Work required :: Without any of the pictures, set down the data below exactly.

Information supplied ::
* * *
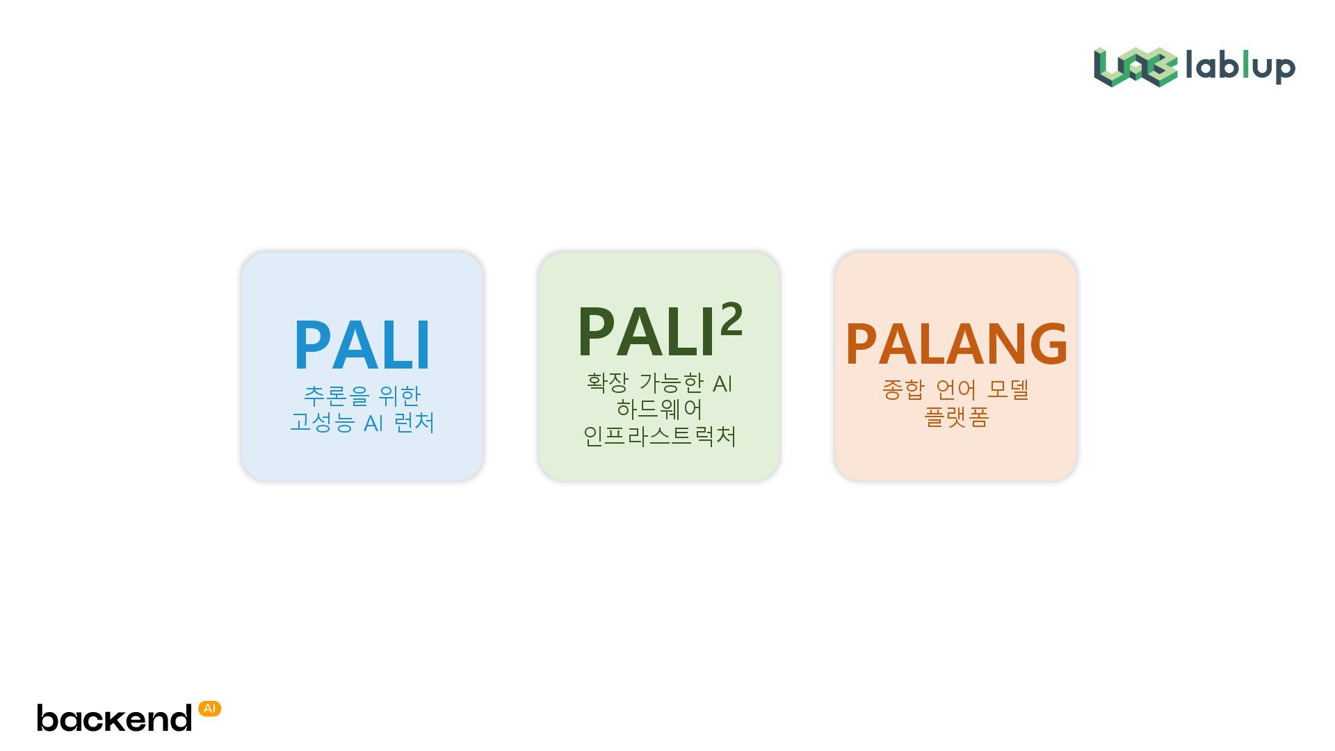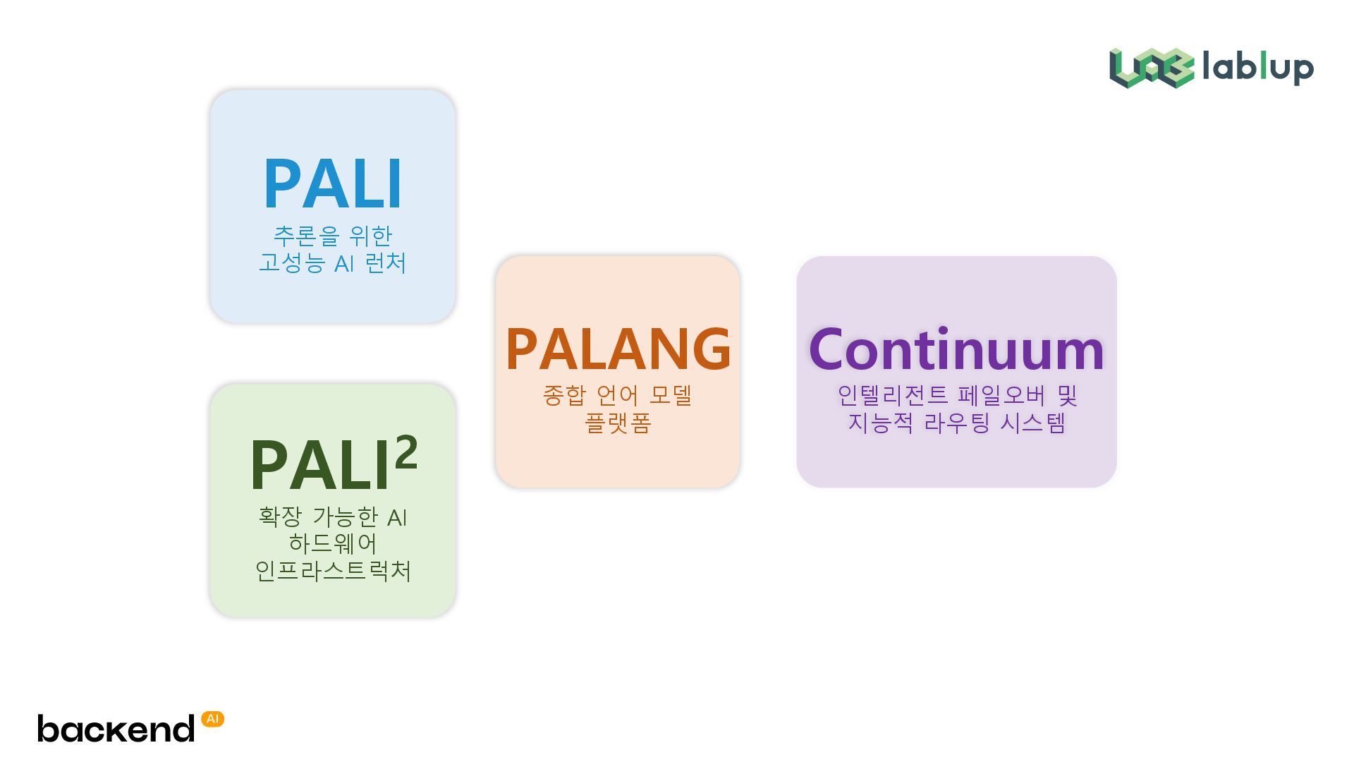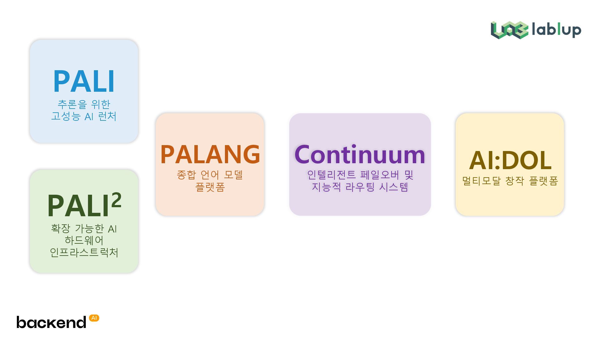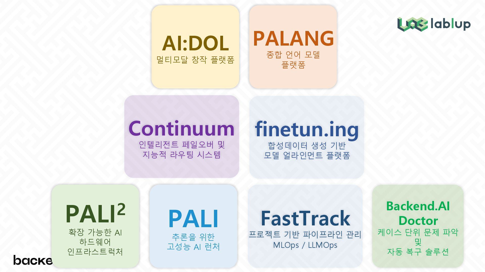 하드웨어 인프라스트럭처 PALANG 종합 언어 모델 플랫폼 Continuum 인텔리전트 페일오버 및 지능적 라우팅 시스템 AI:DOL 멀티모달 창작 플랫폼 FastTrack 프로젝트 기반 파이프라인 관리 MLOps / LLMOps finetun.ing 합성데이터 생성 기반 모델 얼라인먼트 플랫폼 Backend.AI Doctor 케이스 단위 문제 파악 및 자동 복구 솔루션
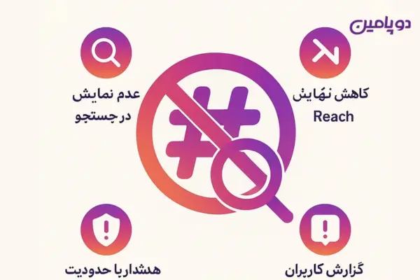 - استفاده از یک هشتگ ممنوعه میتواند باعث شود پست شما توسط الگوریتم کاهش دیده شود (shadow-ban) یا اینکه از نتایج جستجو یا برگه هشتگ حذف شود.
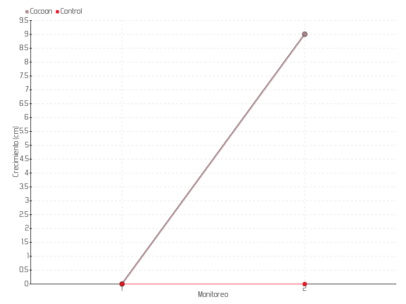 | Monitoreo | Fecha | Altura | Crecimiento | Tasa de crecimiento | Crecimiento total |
* * *
Finished exercise ::
 하드웨어 인프라스트럭처 PALANG 종합 언어 모델 플랫폼 Continuum 인텔리전트 페일오버 및 지능적 라우팅 시스템 AI:DOL 멀티모달 창작 플랫폼 FastTrack 프로젝트 기반 파이프라인 관리 MLOps / LLMOps finetun.ing 합성데이터 생성 기반 모델 얼라인먼트 플랫폼 Backend.AI Doctor 케이스 단위 문제 파악 및 자동 복구 솔루션
 - استفاده از یک هشتگ ممنوعه میتواند باعث شود پست شما توسط الگوریتم کاهش دیده شود (shadow-ban) یا اینکه از نتایج جستجو یا برگه هشتگ حذف شود.
 | Monitoreo | Fecha | Altura | Crecimiento | Tasa de crecimiento | Crecimiento total |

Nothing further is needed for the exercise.